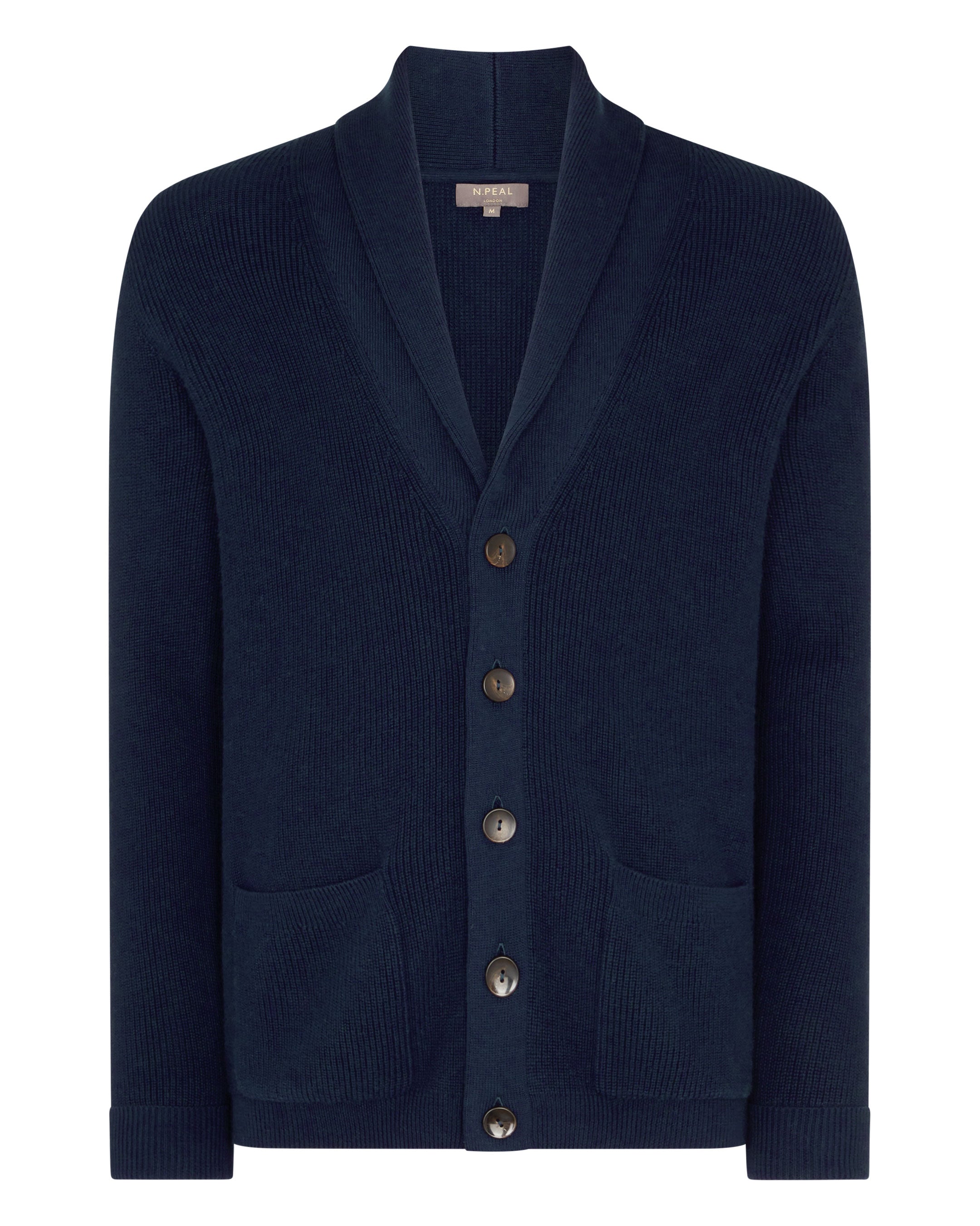 Men's Cotton Cashmere Silk Cardigan In Navy Blue
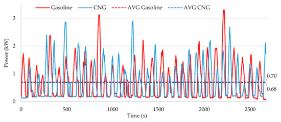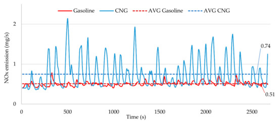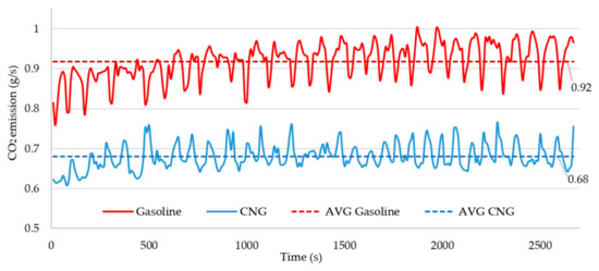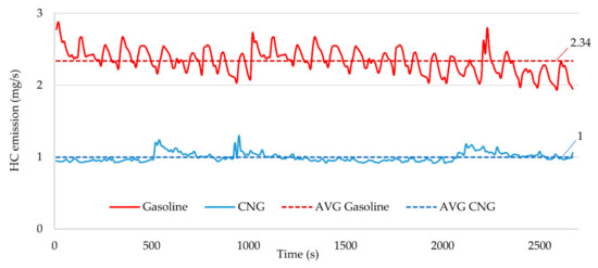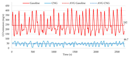 In order to control efficiently the drive unit and to evaluate the reaction of the tested design to changes in the operating conditions, the emission of the generated exhaust gas compounds as a time function should be measured. The results may show areas that need improvements in the design. The results of exhaust emission tests over a specified period of time should also be considered important. These characteristics are presented in Figure 14 along with the average values. They provide information on the influence of selected machines on global or local exhaust emissions, thus allowing their comparison. Such a comparison (for gasoline and CNG) is presented in Figure 14 and Figure 15 on a percentage scale calculated according to Equation (7):
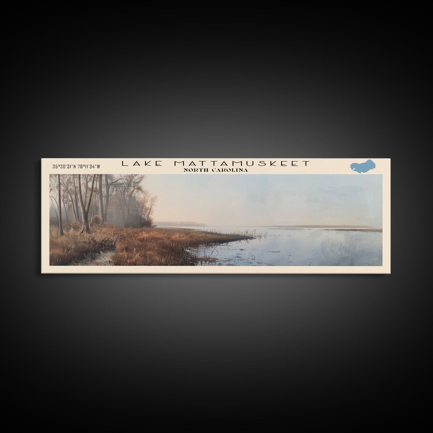 Lake Mattamuskeet North Carolina Framed Canvas Print, Lake House Decor, Panoramic Wall Art, Travel Poster, Beautiful Lakeview Painting, Modern Art
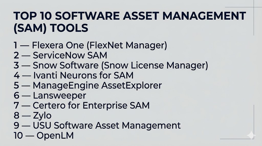 Software Asset Management (SAM) tools help organizations track, manage, optimize, and govern software usage across their infrastructure. In simple terms, SAM ensures that companies know what software they own, where itโs installed, how itโs used, and whether it complies with licensing agreements.
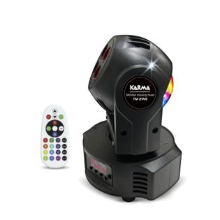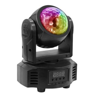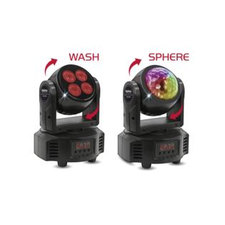 Mini testa mobile con doppio effetto luce (effetto sfera + Wash). Ruotando proietta i 2 effetti in ogni direzione generando uno spettacolo di luci di grande impatto. E' presente una staffa per il posizionamento su tralicci. Il display frontale consente di impostare la modalità di funzionamento desiderata (auto, manual, sound, DMX). La luminosità è assicurata da 1 led da 10W (effetto ball) e da 4 led da 6W (effetto wash). Ideale per l'impiego in feste private, ristoranti e piccoli locali.
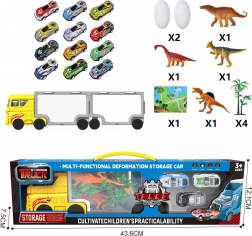 - Veľká prepravka funguje ako mobilný sklad pre menšie vozidlá a dinosauří figúrky
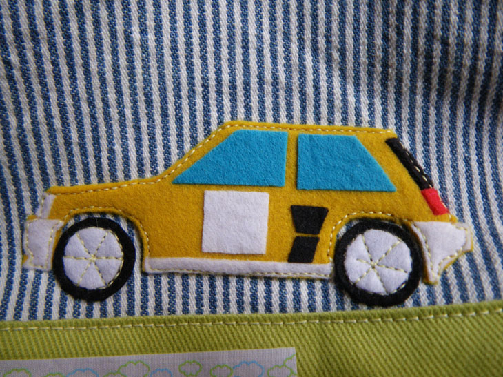 窓を上から貼り付けて、ステッチは車の周りだけです。

------------------------------------------------------------

**WHAT IS BEING ASKED**
Transcribe exactly the line that contains "- Veľká prepravka" and each line after it through the end of the listing. Leave out the pictures.

**SOLUTION TO THIS TASK**
 - Veľká prepravka funguje ako mobilný sklad pre menšie vozidlá a dinosauří figúrky
 窓を上から貼り付けて、ステッチは車の周りだけです。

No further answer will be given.